Next, we provide privacy and accuracy analysis for \textsf{ERM}. Theorem~\ref{thm:erm_privacy} below provides an upper bound for privacy loss. %The proof can be found in the Appendix.

\begin{theorem}[Privacy loss of \textsf{ERM}]\label{thm:erm_privacy}
Assume the interval $[-c-\Delta, c+\Delta]$ is divided uniformly into $m$ bins, i.e., $$B_i = -\Delta-c + (i-1)\frac{2c+2\Delta}{m-1}, ~ i\in [m].$$ %Let $c$, $\Delta$, $m$, $\gamma$ be the parameters of ERM.
Then \textsf{ERM} satisfies DP with privacy loss %privacy loss $\epsilon$ is upper bounded:
\begin{equation}\label{eq:privacy_erm}
 \epsilon < \gamma + \log \frac{2m(c+\Delta)}{c}.   
\end{equation}
\end{theorem}

\iffalse

\begin{theorem}\label{theo:1}
Assume that interval $[-c-\Delta, c+\Delta]$ is divided uniformly into $m$ bins (i.e., $B_i = -\Delta-c + (i-1)\frac{2c+2\Delta}{m} ~ i\in [m]$). Given the parameters of \textsf{ERM}: $c$, $\Delta$, $m$, $\gamma$, privacy loss $\epsilon$ is upper bounded by:
    $\epsilon < \log ( \frac{m+1}{\Delta} ) + \frac{3m^2(c+\Delta)^2\gamma}{\Delta c(m-1)^2}$.
\end{theorem}

\begin{proof}
The proof can be found in the Appendix.   
\end{proof}

\fi
%The upper bound indicates that when $\Delta$ approaches 0, the privacy loss will be infinite. Hence, it is required to have $\Delta >0$. Besides, 
The upper bound~\eqref{eq:privacy_erm} implies that the privacy loss is an increasing function in the number of bins $m$ and parameter $\gamma$. It is worth noting that according to \citep{rqm}, the privacy loss of \textsf{RQM} is bounded by $$\log\left(\frac{2(1-q)^2(c+\Delta)}{\Delta}\right) +m\log\frac{1}{1-q}.$$ This shows that the privacy loss under \textsf{RQM} also increases in $m$ at the rate of $\mathcal{O}(m)$. In contrast, our \textsf{ERM} has a better privacy loss that increases in $m$ at the rate of $\mathcal{O}(\log m)$.  

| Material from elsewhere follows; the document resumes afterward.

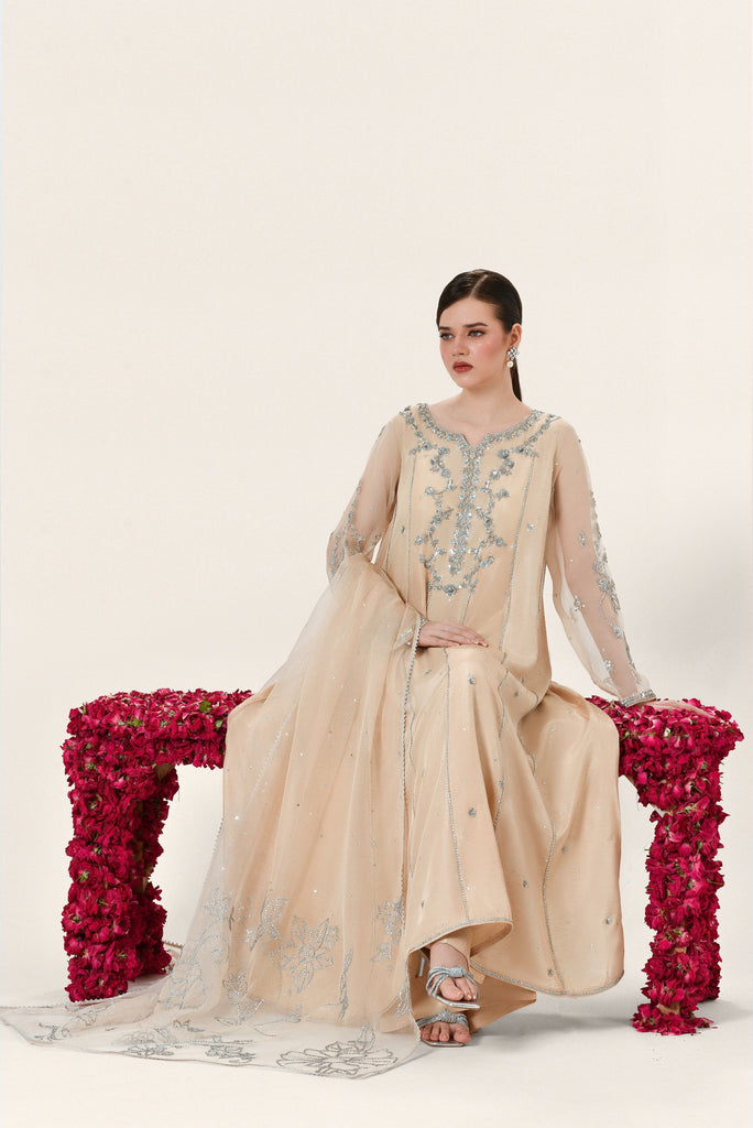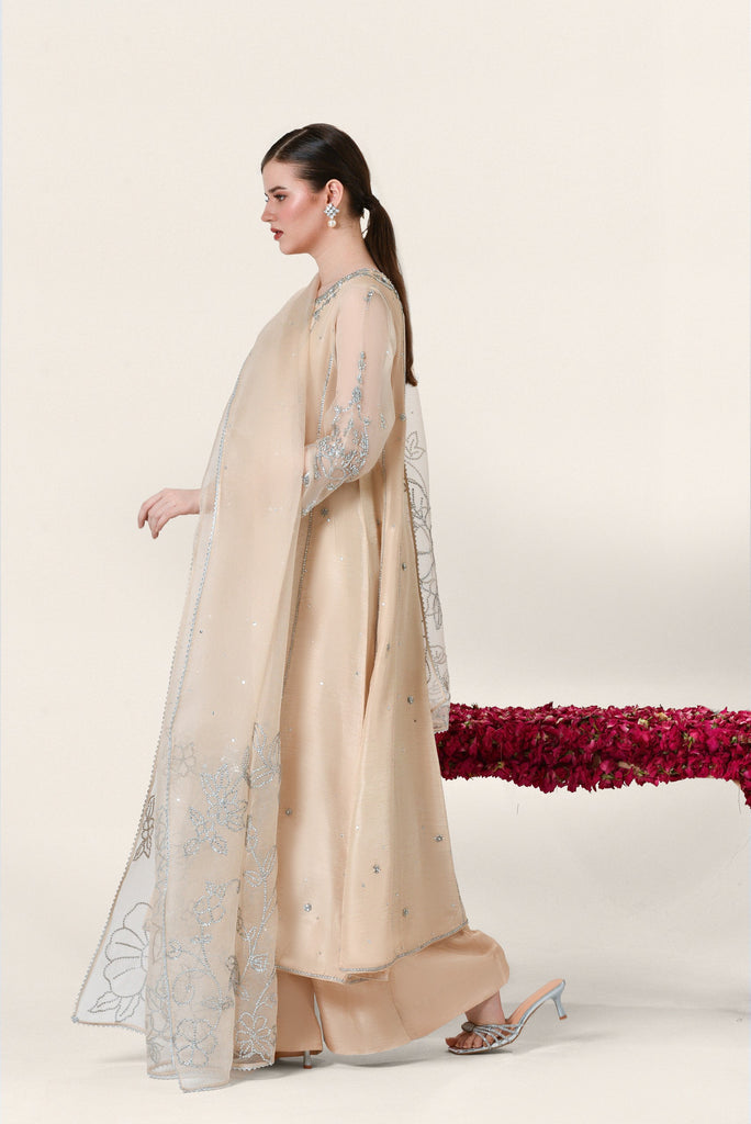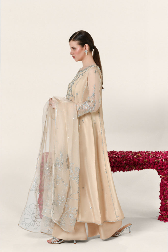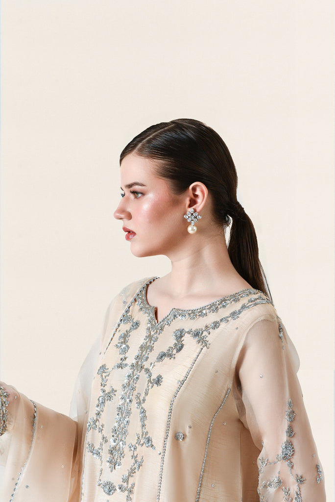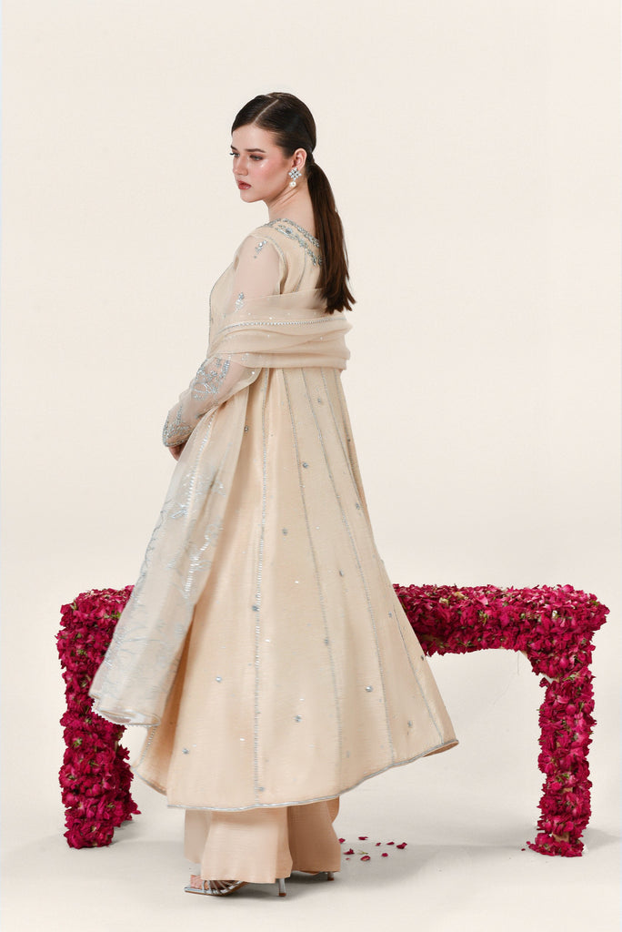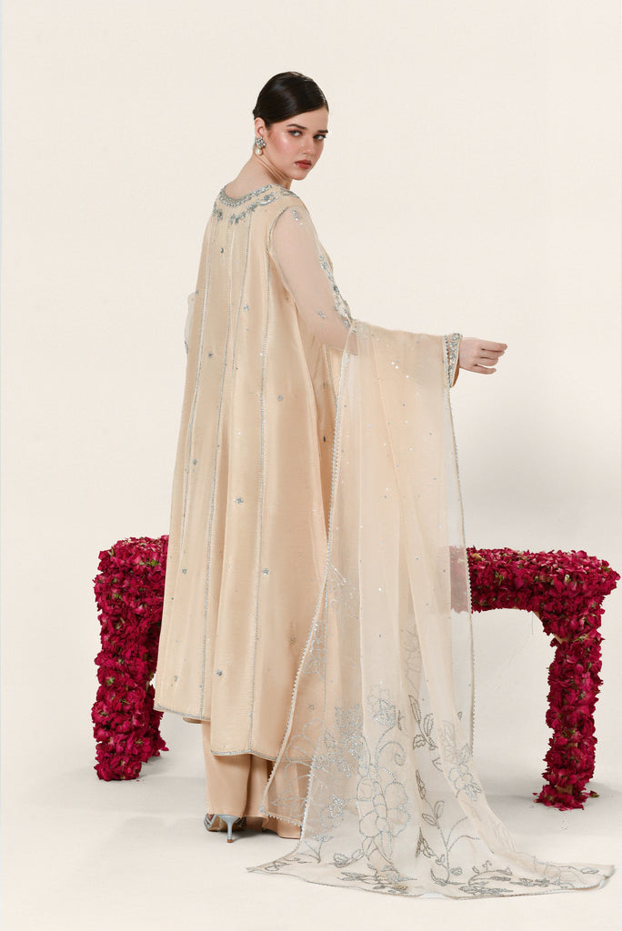 Experience the art of effortless elegance with the ethereal " Arabella " ensemble. Offering a traditional yet modern long kalidaar silhouette, heavily adorned with silver hand/ada work details of crystals, dabka, naqshi and nug.. Paired with a matching pure soft tissue organza dupatta featuring florals. This ensemble exudes grace and sophistication, making it a beloved and essential addition to any wardrobe. The length of the long kalidaar is 48 inches. This look is completed with Izaar as seen.
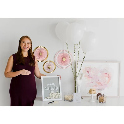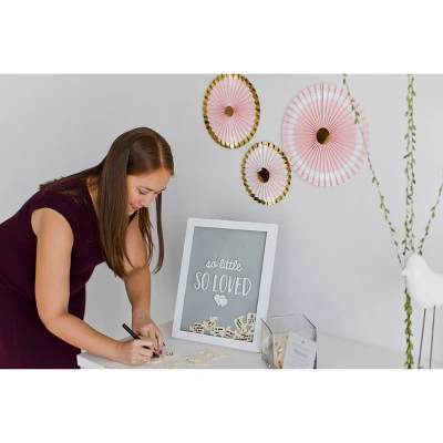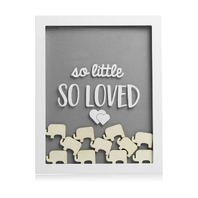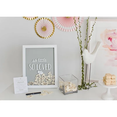 So little so loved! Pearheads little wishes signature frame is the perfect addition to your baby shower! Offer your quests a unique alternative to the traditional baby shower guest book with this frame. This adorable, wooden frame includes 65 wooden elephant pieces for all your guests to sign and drop in the frame. For your baby shower, simply prop up this frame next to the included instructional sign. Your guests can sign the elephant pieces with the included pen and drop into the top of the frame through the opening slot. Your guests will love writing in their advice, well wishes, and love for your little one! Once the baby shower is over, hang this adorable frame in your baby’s nursery with the included sawtooth hanger or place on their book shelf with the included easel. Years after your little one arrives, you will forever be able to cherish the well wishes and love from your closest family and friends. This modern white frame will add a fun decoration to your baby shower and baby’s nursery. The front of the frame includes “so little so loved” printed in white, adding that extra special touch. The colors and elephants make this the perfect frame for baby boys or baby girls. Forever cherish your little one with Pearhead’s little wishes signature frame.

The next theorem provides an upper bound for the expected absolute error of \textsf{ERM}. %The proof can be found in the Appendix.
\begin{theorem}[Error of \textsf{ERM}]\label{thm:erm_error}
Under the same bins as Theorem~\ref{thm:erm_privacy}, %Let $B_i = -\Delta-c + (i-1)\frac{2c+2\Delta}{m-1}, ~ i\in [m]$. Given the parameters of the mechanism: $c$, $\Delta$, $m$, $\gamma$, 
the expected absolute error of \textsf{ERM} is bounded:
\begin{equation*}
 \mathbb{E}\left(|\mathcal{M}(x)-x|\right) \leq \frac{4}{\gamma}\log\left(m\right)\left(c+\Delta\right)+\frac{2c+2\Delta}{m-1}. 
\end{equation*}
\end{theorem}
The bound implies that when the extended range $\Delta$ increases or the privacy budget parameter $\gamma$ decreases (stricter privacy protection), the performance loss will also increase. 


%\begin{proof}
%The proof can be found in the Appendix.   
%\end{proof}

\section{Optimal Mechanism}\label{subsec:gen}

Section~\ref{subsec:mechanism}  introduced the general framework of our quantization mechanism. With different bin values $\{B_1,\cdots,B_m\}$ and selection distributions $q_j,q_{m-j}$, we will end up with different mechanisms and we discussed two special cases in Section~\ref{subsec:special}. In this section, we explore how to find the optimal mechanism by tuning these parameters. We call the quantization mechanism under the optimal parameter configuration ``{\textbf{OPT}imal randomized quantization \textbf{M}echanism (\textsf{OPTM})}." Before introducing \textsf{OPTM}, we first quantify privacy loss and mean absolute error of our mechanism under a given bin values $\{B_1,\cdots, B_m\}$ and selection distributions.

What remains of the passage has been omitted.